BRIEF:
Copy the lines below exactly. No picture goes into the copy.

RECORDS FOR PROCESSING:
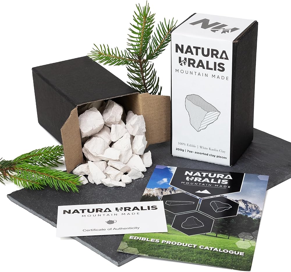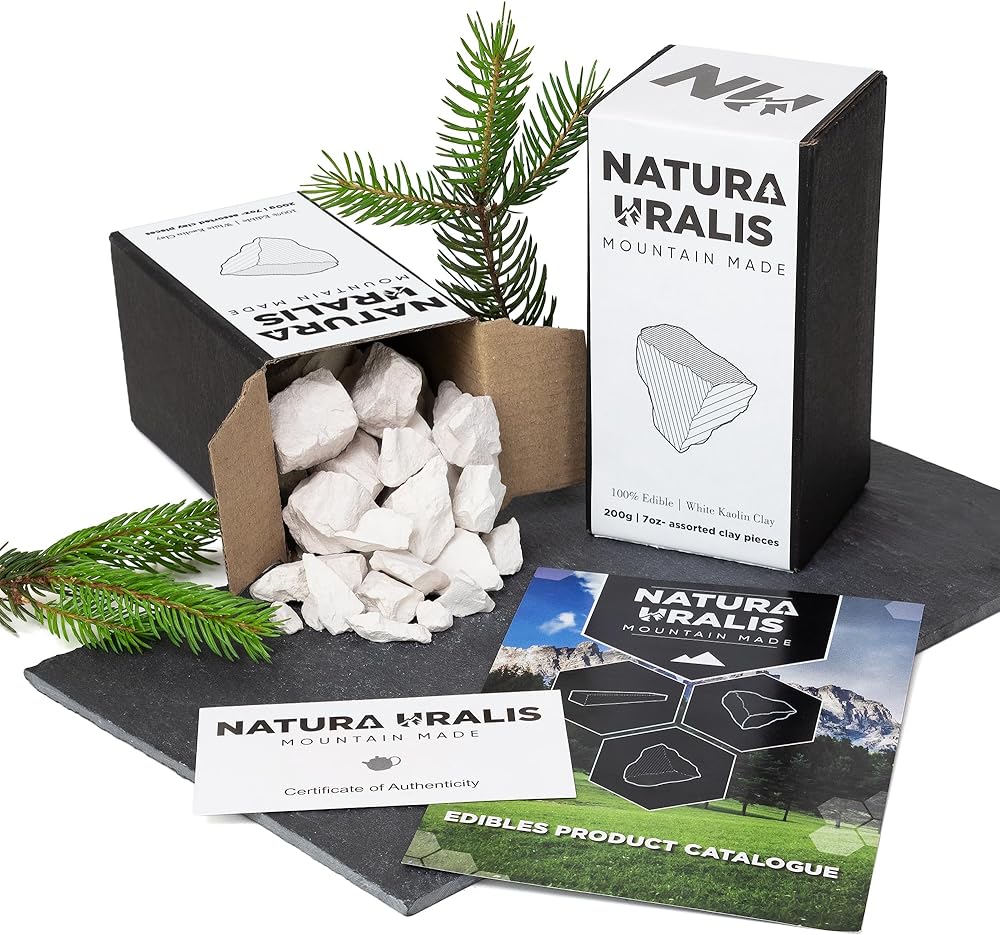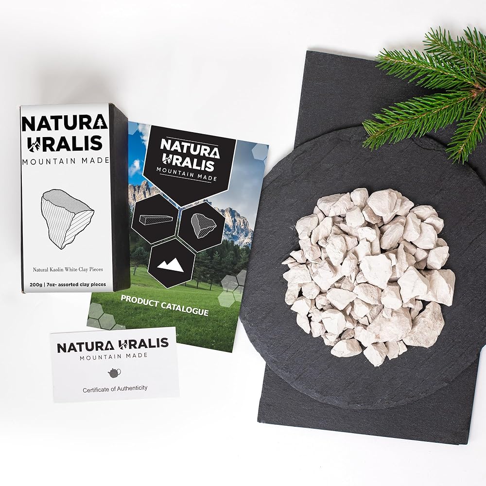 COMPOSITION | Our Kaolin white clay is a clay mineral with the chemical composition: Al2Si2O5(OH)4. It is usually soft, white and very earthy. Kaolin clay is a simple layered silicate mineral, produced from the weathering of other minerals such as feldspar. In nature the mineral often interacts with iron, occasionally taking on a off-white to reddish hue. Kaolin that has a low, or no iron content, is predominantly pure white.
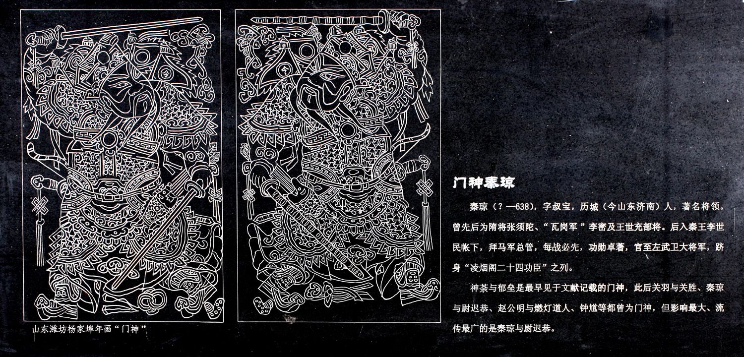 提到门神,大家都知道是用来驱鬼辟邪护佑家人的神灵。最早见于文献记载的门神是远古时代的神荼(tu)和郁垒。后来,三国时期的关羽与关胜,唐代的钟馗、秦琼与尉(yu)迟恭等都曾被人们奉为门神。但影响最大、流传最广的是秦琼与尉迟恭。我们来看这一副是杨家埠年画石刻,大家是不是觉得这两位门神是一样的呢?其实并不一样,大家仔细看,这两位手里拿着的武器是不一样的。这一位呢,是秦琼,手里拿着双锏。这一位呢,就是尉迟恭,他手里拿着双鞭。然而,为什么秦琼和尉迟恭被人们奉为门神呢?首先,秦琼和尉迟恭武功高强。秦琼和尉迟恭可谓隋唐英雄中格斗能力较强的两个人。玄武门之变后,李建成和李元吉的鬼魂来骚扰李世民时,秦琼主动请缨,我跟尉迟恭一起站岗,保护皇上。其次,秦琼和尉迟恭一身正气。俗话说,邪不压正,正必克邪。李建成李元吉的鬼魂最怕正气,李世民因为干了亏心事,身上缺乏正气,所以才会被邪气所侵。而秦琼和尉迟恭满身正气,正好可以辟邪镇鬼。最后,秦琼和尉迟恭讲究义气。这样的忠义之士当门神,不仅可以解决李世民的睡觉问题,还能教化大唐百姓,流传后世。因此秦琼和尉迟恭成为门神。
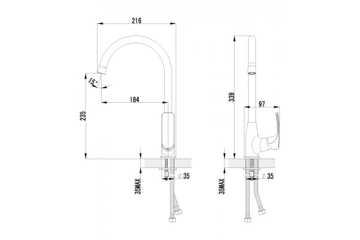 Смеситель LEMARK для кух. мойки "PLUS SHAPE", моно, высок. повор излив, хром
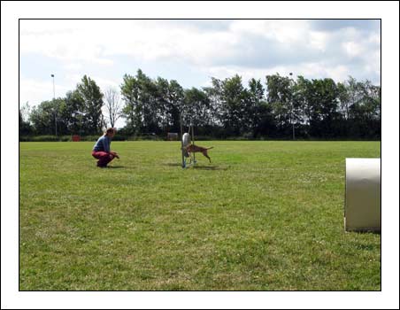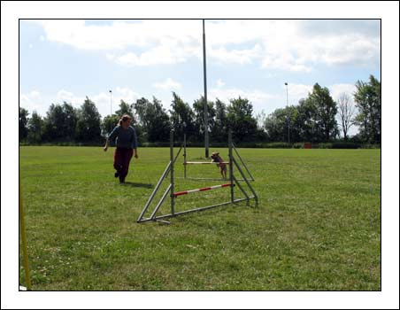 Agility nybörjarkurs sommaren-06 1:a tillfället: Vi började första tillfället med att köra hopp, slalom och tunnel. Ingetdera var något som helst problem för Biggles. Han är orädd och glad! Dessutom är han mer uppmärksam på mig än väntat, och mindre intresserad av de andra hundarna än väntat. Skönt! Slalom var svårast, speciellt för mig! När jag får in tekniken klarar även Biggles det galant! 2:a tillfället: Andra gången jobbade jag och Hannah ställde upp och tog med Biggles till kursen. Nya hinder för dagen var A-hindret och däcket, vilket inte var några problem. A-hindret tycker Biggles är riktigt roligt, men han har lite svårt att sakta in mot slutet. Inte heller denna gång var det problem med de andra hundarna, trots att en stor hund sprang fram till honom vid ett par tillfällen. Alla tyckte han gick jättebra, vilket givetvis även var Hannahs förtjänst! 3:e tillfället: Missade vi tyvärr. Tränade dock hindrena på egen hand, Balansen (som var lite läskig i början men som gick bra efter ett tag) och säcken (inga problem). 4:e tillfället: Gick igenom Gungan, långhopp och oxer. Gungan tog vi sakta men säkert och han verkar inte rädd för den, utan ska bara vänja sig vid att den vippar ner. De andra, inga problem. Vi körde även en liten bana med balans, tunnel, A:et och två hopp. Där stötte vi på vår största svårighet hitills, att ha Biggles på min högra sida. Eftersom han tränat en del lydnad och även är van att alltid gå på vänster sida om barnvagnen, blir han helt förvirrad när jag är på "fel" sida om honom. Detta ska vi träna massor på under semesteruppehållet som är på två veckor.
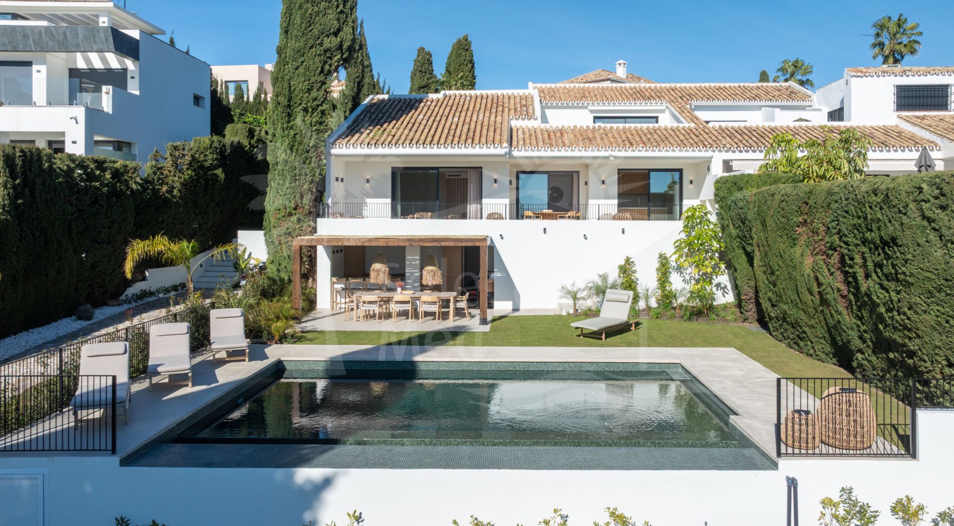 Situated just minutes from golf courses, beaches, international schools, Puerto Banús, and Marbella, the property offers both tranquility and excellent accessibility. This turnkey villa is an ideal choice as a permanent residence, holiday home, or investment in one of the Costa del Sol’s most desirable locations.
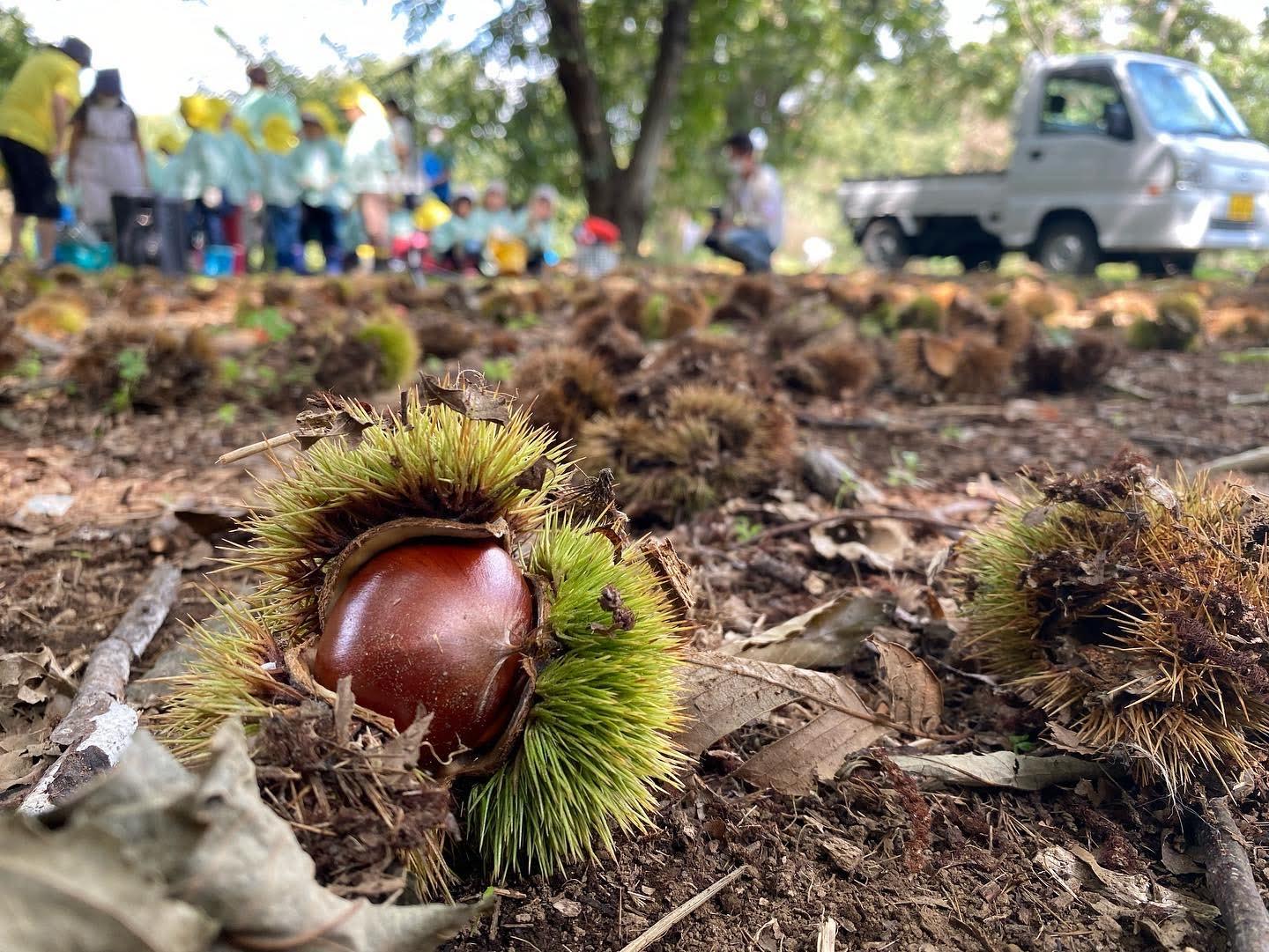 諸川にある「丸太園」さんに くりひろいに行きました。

SOLUTION TO THE EXERCISE:
 COMPOSITION | Our Kaolin white clay is a clay mineral with the chemical composition: Al2Si2O5(OH)4. It is usually soft, white and very earthy. Kaolin clay is a simple layered silicate mineral, produced from the weathering of other minerals such as feldspar. In nature the mineral often interacts with iron, occasionally taking on a off-white to reddish hue. Kaolin that has a low, or no iron content, is predominantly pure white.
 提到门神,大家都知道是用来驱鬼辟邪护佑家人的神灵。最早见于文献记载的门神是远古时代的神荼(tu)和郁垒。后来,三国时期的关羽与关胜,唐代的钟馗、秦琼与尉(yu)迟恭等都曾被人们奉为门神。但影响最大、流传最广的是秦琼与尉迟恭。我们来看这一副是杨家埠年画石刻,大家是不是觉得这两位门神是一样的呢?其实并不一样,大家仔细看,这两位手里拿着的武器是不一样的。这一位呢,是秦琼,手里拿着双锏。这一位呢,就是尉迟恭,他手里拿着双鞭。然而,为什么秦琼和尉迟恭被人们奉为门神呢?首先,秦琼和尉迟恭武功高强。秦琼和尉迟恭可谓隋唐英雄中格斗能力较强的两个人。玄武门之变后,李建成和李元吉的鬼魂来骚扰李世民时,秦琼主动请缨,我跟尉迟恭一起站岗,保护皇上。其次,秦琼和尉迟恭一身正气。俗话说,邪不压正,正必克邪。李建成李元吉的鬼魂最怕正气,李世民因为干了亏心事,身上缺乏正气,所以才会被邪气所侵。而秦琼和尉迟恭满身正气,正好可以辟邪镇鬼。最后,秦琼和尉迟恭讲究义气。这样的忠义之士当门神,不仅可以解决李世民的睡觉问题,还能教化大唐百姓,流传后世。因此秦琼和尉迟恭成为门神。
 Смеситель LEMARK для кух. мойки "PLUS SHAPE", моно, высок. повор излив, хром
 Agility nybörjarkurs sommaren-06 1:a tillfället: Vi började första tillfället med att köra hopp, slalom och tunnel. Ingetdera var något som helst problem för Biggles. Han är orädd och glad! Dessutom är han mer uppmärksam på mig än väntat, och mindre intresserad av de andra hundarna än väntat. Skönt! Slalom var svårast, speciellt för mig! När jag får in tekniken klarar även Biggles det galant! 2:a tillfället: Andra gången jobbade jag och Hannah ställde upp och tog med Biggles till kursen. Nya hinder för dagen var A-hindret och däcket, vilket inte var några problem. A-hindret tycker Biggles är riktigt roligt, men han har lite svårt att sakta in mot slutet. Inte heller denna gång var det problem med de andra hundarna, trots att en stor hund sprang fram till honom vid ett par tillfällen. Alla tyckte han gick jättebra, vilket givetvis även var Hannahs förtjänst! 3:e tillfället: Missade vi tyvärr. Tränade dock hindrena på egen hand, Balansen (som var lite läskig i början men som gick bra efter ett tag) och säcken (inga problem). 4:e tillfället: Gick igenom Gungan, långhopp och oxer. Gungan tog vi sakta men säkert och han verkar inte rädd för den, utan ska bara vänja sig vid att den vippar ner. De andra, inga problem. Vi körde även en liten bana med balans, tunnel, A:et och två hopp. Där stötte vi på vår största svårighet hitills, att ha Biggles på min högra sida. Eftersom han tränat en del lydnad och även är van att alltid gå på vänster sida om barnvagnen, blir han helt förvirrad när jag är på "fel" sida om honom. Detta ska vi träna massor på under semesteruppehållet som är på två veckor.
 Situated just minutes from golf courses, beaches, international schools, Puerto Banús, and Marbella, the property offers both tranquility and excellent accessibility. This turnkey villa is an ideal choice as a permanent residence, holiday home, or investment in one of the Costa del Sol’s most desirable locations.
 諸川にある「丸太園」さんに くりひろいに行きました。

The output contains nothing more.